What Makes You Beautiful In Mind, Body And Spirit?
Getting married is the most enjoyable feeling ever and now that I have a son, I feel so fulfilled. But changes will always happen, some will make you happy and others will haunt you… And there is one change that is starting to haunt me now!
After I gave birth, I gained weight and I lost that slender body with those curves. Ha! I’m starting to miss it now and at times like this I begin to feel a little sad on how I look today. Sometimes I ask my husband if I still look, you know, okay… and he will always say, “you look fine”, but I know that he is just too careful, never wanting to hurt my feelings. Reality bites, every time I try to get into my old jeans, but I can not manage to button them up, no matter how hard I try! Ugh! My blouses and t shirts are tight too! And the extra layers of fat are showing, so obvious, I feel so bad about it. Well a perfect time to go out and shop for new clothes and lift my spirits perhaps.

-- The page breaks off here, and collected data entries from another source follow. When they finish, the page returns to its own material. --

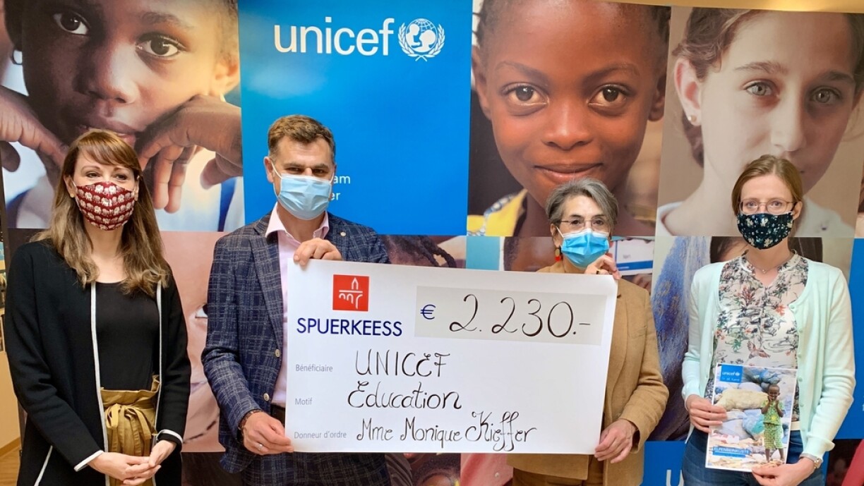 Suite au départ en retraite de Madame Monique Kieffer, directrice de la Bibliothèque nationale du Luxembourg (BnL), l’équipe a collecté 2.230 € en faveur du projet « Conceptos Plasticos » de l’UNICEF, qui a pour objectif de construire des écoles à partir de briques en plastique recyclé.UNICEF Luxembourg tient à remercier la BnL, ainsi que Mme Kieffer, qui a souhaité convertir son cadeau de départ en un don généreux de 2.230 €.
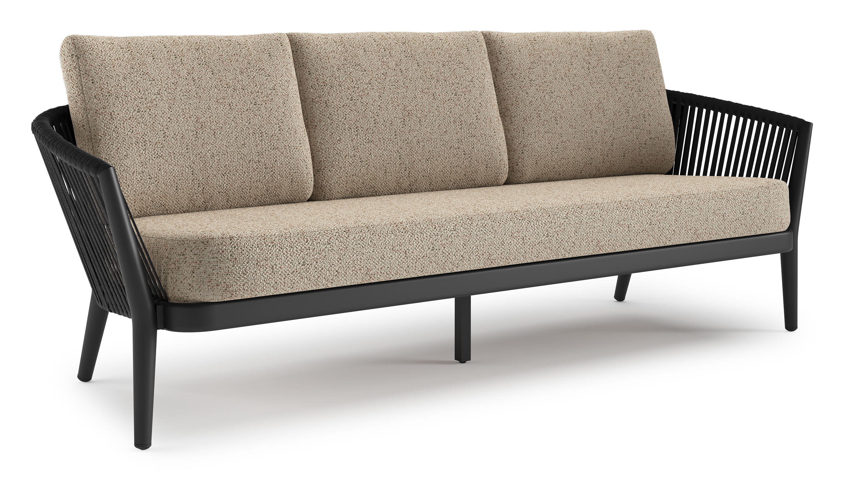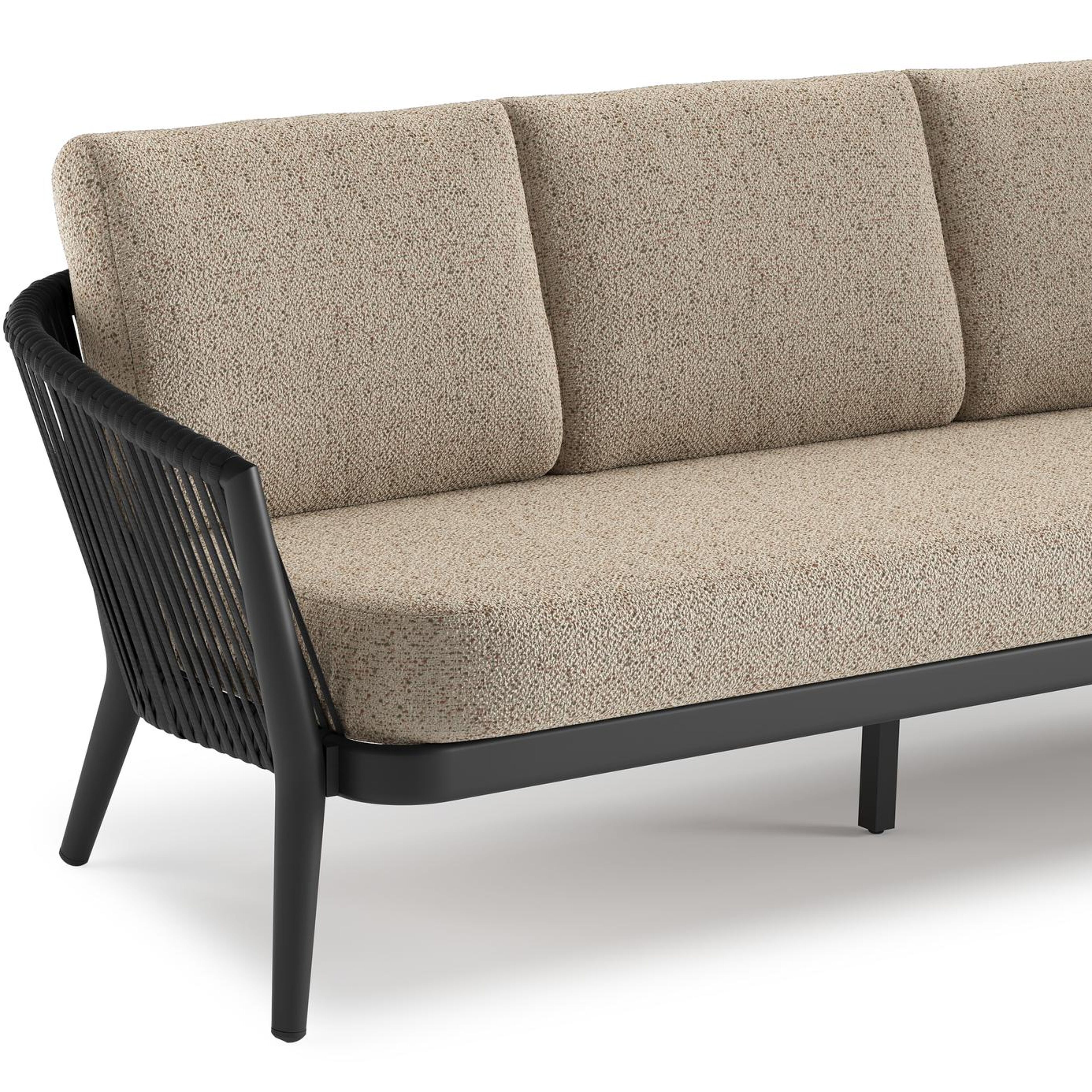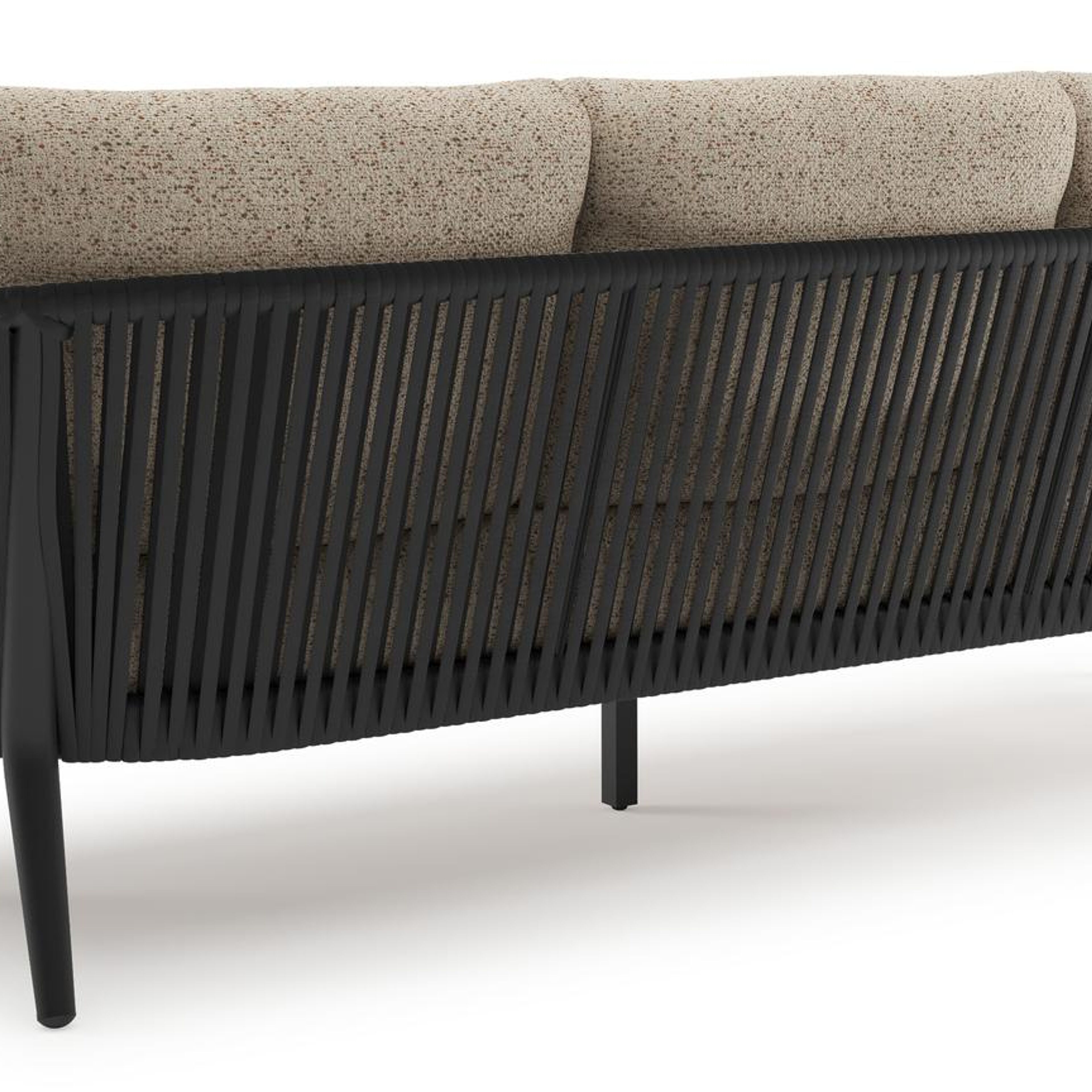 Orso loungebank in zwart aluminium en zwart verticaal geweven ronde rope met Bora Jungle all weather cosytica kussen | Exterioo tuinmeubelen
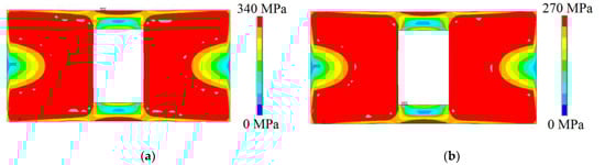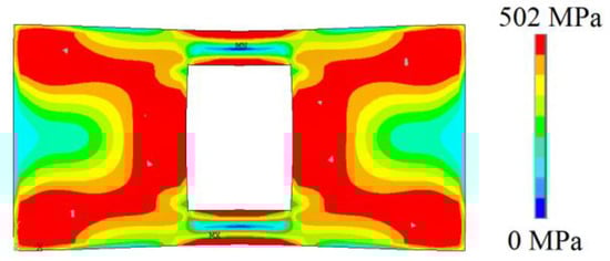To define the spatial discretization, a mesh convergence test was performed for the plate made of AH-36 steel, defining a regular independent mesh with an element size of 30 mm. Therefore, the numerical simulations for the case study were carried out with this finite element size. The results obtained for the ultimate biaxial buckling stress () and maximum out-of-plane displacement () for each case are presented in Table 12. Moreover, the von Misses stress distribution for the perforated plate made of AISI 4130 steel, AH-36 steel, spheroidal graphite iron (SGI), compact graphite iron (CGI) and Al 7075-T651 aluminum alloy are illustrated in Figure 15, Figure 16 and Figure 17.
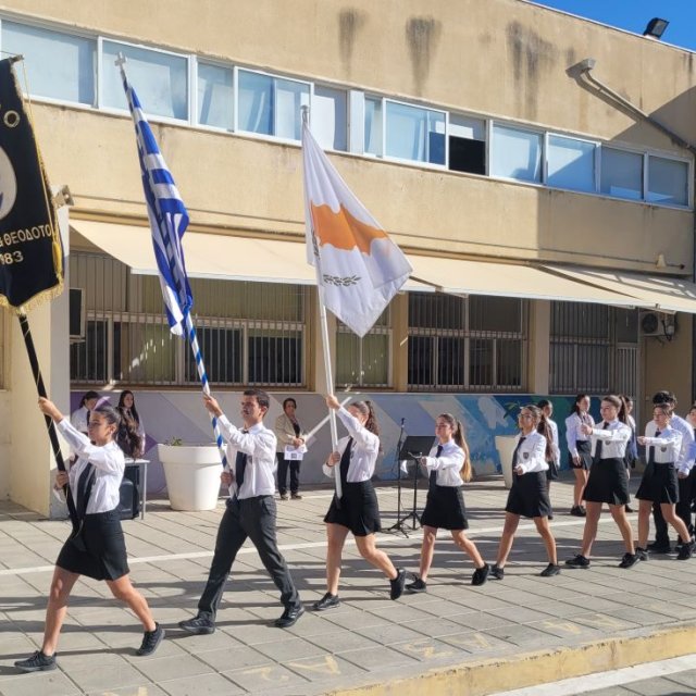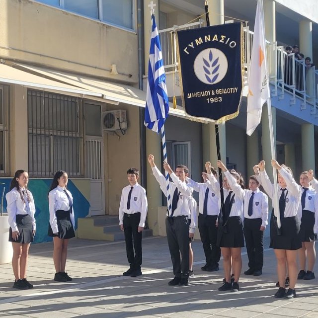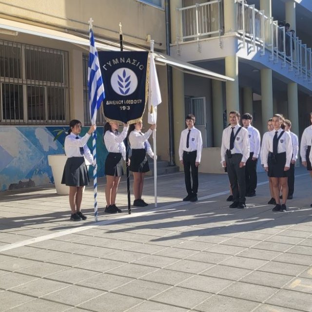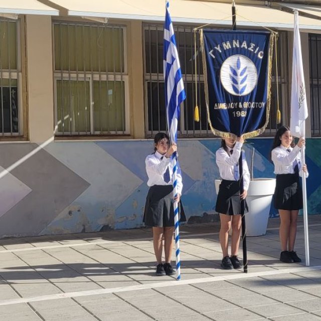 Την Παρασκευή, 25 Οκτωβρίου 2024 το Γυμνάσιο Διανέλλου και Θεοδότου τίμησε την Εορτή της Σημαίας. Σε συγκέντρωση στον προαύλιο χώρο, μετά από την προσευχή, ανακηρύχθηκαν επισήμως η Λαβαροφόρος, οι Σημαιοφόροι και οι Παραστάτες του Γυμνασίου μας.
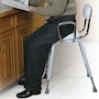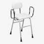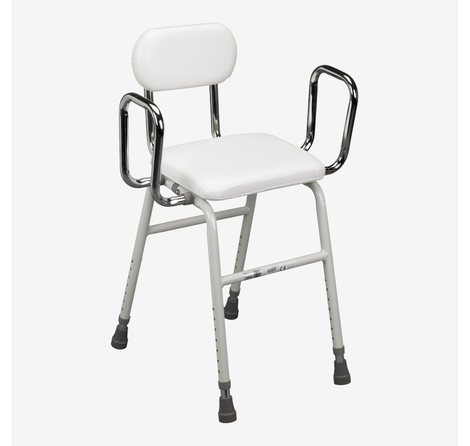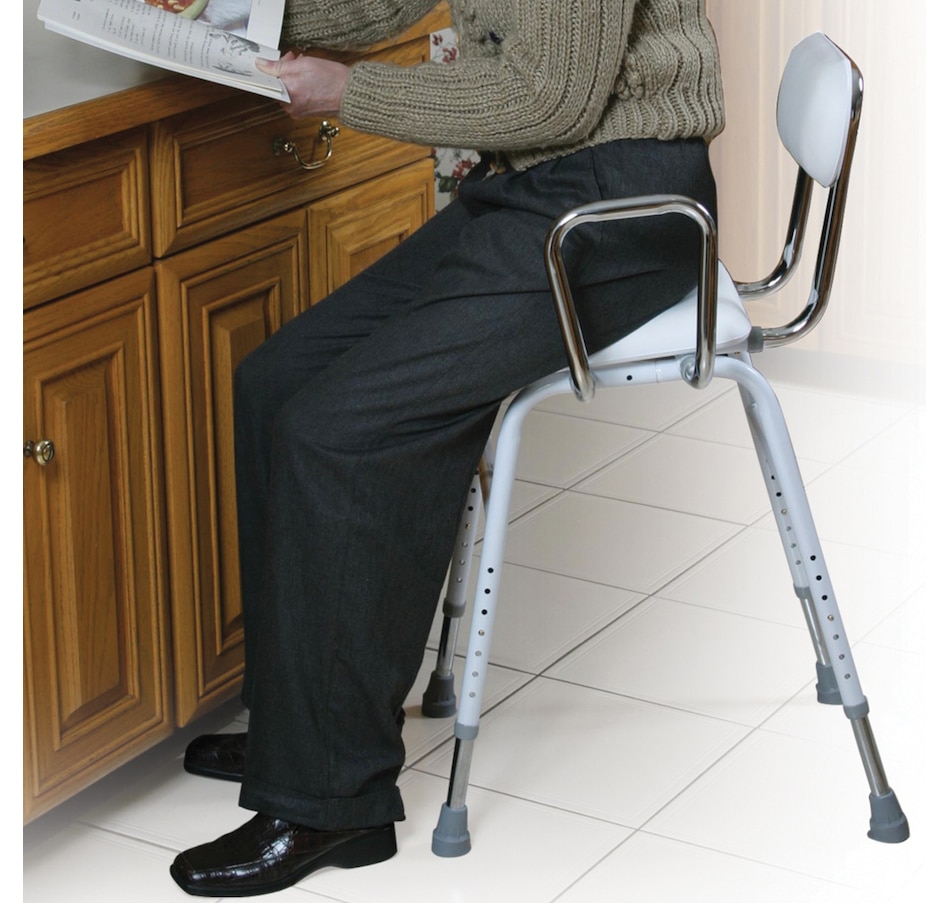 This all-purpose kitchen stool by Drive Medical is convenient and comfortable for everyday use. Perfect for use as a hip-high chair after surgery or as an adjustable chair for individuals who cannot use standard-height seating, the adjustable stool features a padded seat and back for added comfort and an angled seat that makes sitting down and getting up easy. This stool also comes standard with removable arm supports with adjustable width and height to accommodate most individuals. Manufactured with white powder-coated steel and chrome-plated legs for an attractive, durable finish, this kitchen stool is tool-free and easy to assemble.
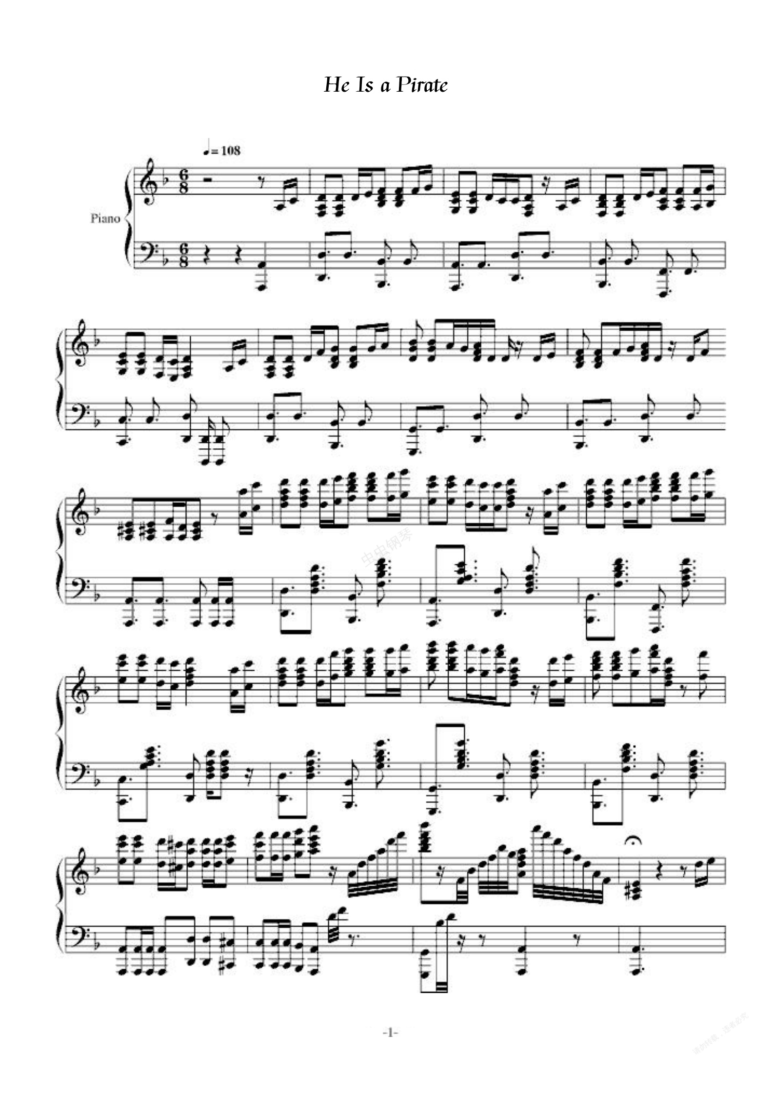 钢琴谱:He‘s a Pirate (加勒比海盗主题曲 F大调)

But then the lady asks what size I want, and I tell her in a low voice… “Large” Ha! That hits me hard and knocks me once again!
So I decide to lose weight and get exercising, I am so full of good intentions at the start! I try it all, hip hop, abs, yoga, Pilates, taebo! Oh yes all of them! But I never really succeed at any, I lack the motivation and self discipline needed, and I blame it on my asthma, and remind myself that I could never do vigorous training, always excused as a kid. What more now? It’s difficult now that I’m a mother, I’ve become more delicate.
So if I can’t lose weight then it’s time to start feeling good about myself just as I am, size doesn’t really matter, but the person that I am does! It’s time to accept the fact that I am a bit bulky now, but that I am still pretty, inside and out! So to enhance that beauty, I can go for making the most of myself with the help of make-up, choosing the right outfits that will help me look a bit thinner, and boost that confidence in me. “I AM BEAUTIFUL!”(Laughing). Making sure that I look presentable when I’m with people, and especially for my husband, feels good (smiles). I just don’t allow the insecurities to eat me up anymore, and I can still do something better for myself.
What makes you really beautiful is feeling good about yourself, accepting your weaknesses and making the best use of your strengths. It’s not all physical; the purest part comes from within.